The spirit of Texas political observer and legendary humorist Molly Ivins must be itching to pound a keyboard over this legal news from the Lone Star State. This week the Supreme Court of Texas reportedly took up a most pressing legal issue: the constitutionality of the $5 dollar admission fee required at all state strip clubs. While the Texas State Board of Education considers easing Thomas Jefferson from his place in the history books, the question the state Supreme Court will address with all their legal wisdom is: does this pole tax impermissibly chill the right of the strippers (and club owners) to engage in expression protected under the First Amendment? God Bless Texas.

The Associated Press writes the attorneys for the Texas Entertainment Association, who represent strip clubs throughout the state, sued after the state legislature passed the admission requirement back in 2007. In both the trial court and the Austin-based court of appeals, the plaintiffs prevailed, with the courts finding the fee "improperly singles out one form of expression, nude dancing, for regulation."

The AP reports that the Texas high court heard arguments in the case at St. Mary's University, in an auditorium filled to the rafters with law students. Chief Justice Wallace B. Jefferson framed the argument for counsel like this: "Is it proper or not for the state to have the position that live nude dancing should be discouraged? Is it unconstitutional for the state to target live nude dancing because it believes it's culturally unsound, immoral?" 

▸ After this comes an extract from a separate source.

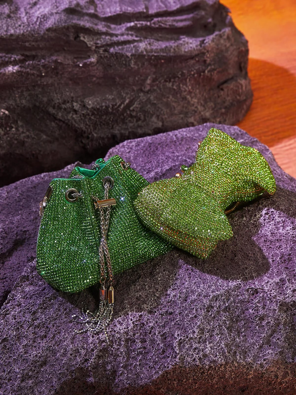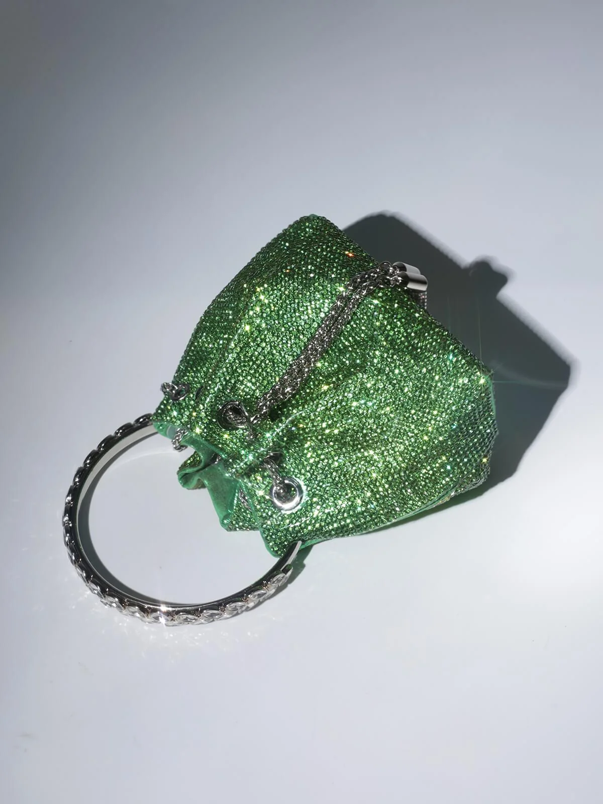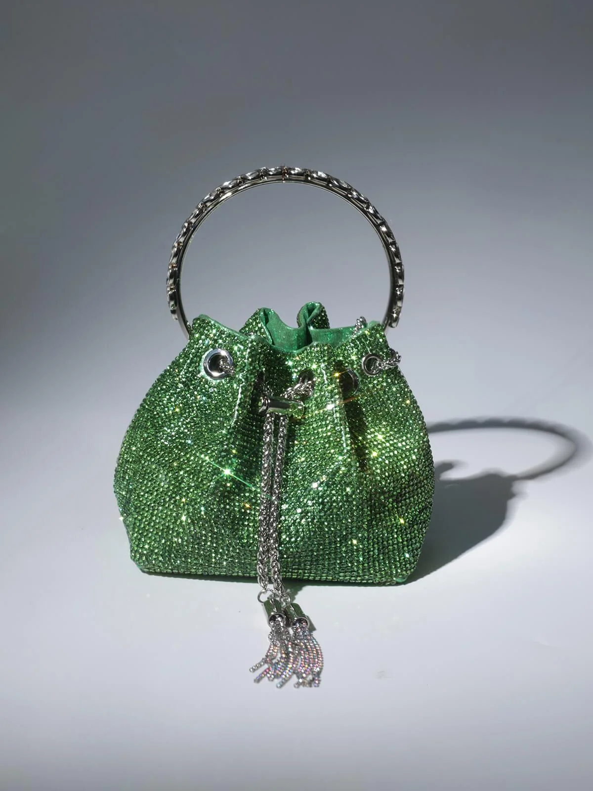 Elevate your look with our sought-after green Crystal Embellished Bucket Bag. Indulge in the sparkling crystal top handle and sleek drawstring chain that define its charm. Handcrafted from PU material, this bag exudes elegance and style. The supple shape offers ample space for essentials, making it perfect for any occasion. Add a touch of glam to your outfit with this stunning accessory that is sure to turn heads. Dimensions approximately 5.9 inches (15cm) in diameter.

Then came the fun. Since plaintiffs argue the pole tax inhibits constitutionally protected free expression, a justice asked Craig Enoch, attorney for the Texas Entertainment Association, what exactly it is that nude dancers express in their shows? "Eroticism," said Enoch, who is also a former state Supreme Court justice. "It's seeking to create emotion." Indeed.

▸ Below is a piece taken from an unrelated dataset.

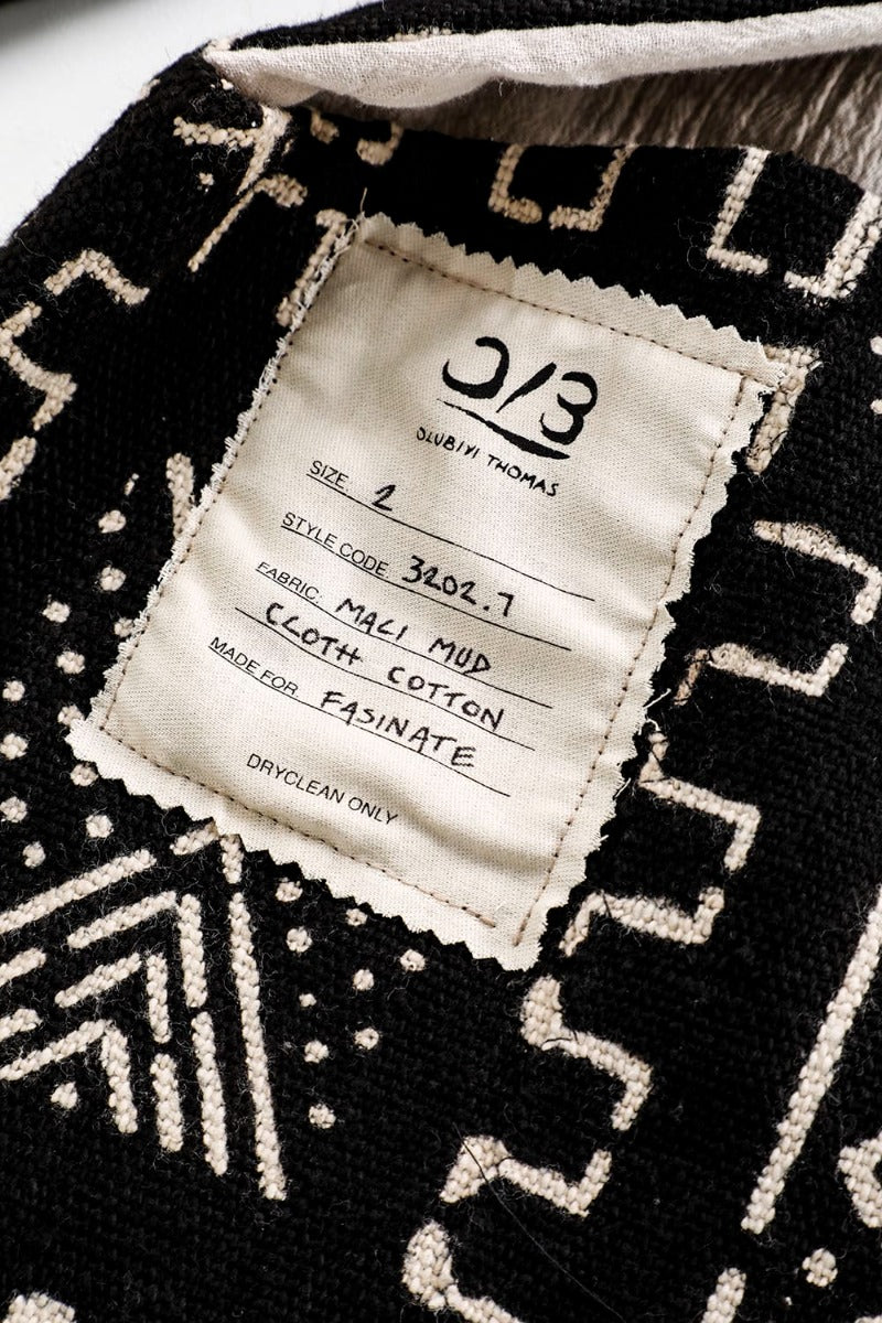 This is an iconic model in the OLUBIYI THOMAS collection. As the name suggests, this item is inspired by the Japanese kimono. The textiles used are indigenous to Mali, a country in West Africa, the designer's home area. This textile, one of the designer's most cherished textiles, originally had a width of only 10 cm to 15 cm, and was sewn together one by one. Each piece is hand-dyed with mud, hand-spun, and hand-woven, and each piece has a different pattern.

In an ironic twist that would no doubt please the aforementioned Ms. Ivins, state lawmakers passed the tax in part to help the state raise money, possibly as much as $44 million over the first two years, for sexual assault prevention programs and health care for the uninsured. Since most strippers are considered to be independent contractors (an issue hotly debated around the country), they usually do not get health benefits. In that case, it is the strippers themselves that would most likely benefit as part of the uninsured group the tax was set up to aid.

The court's decision is not expected for several months.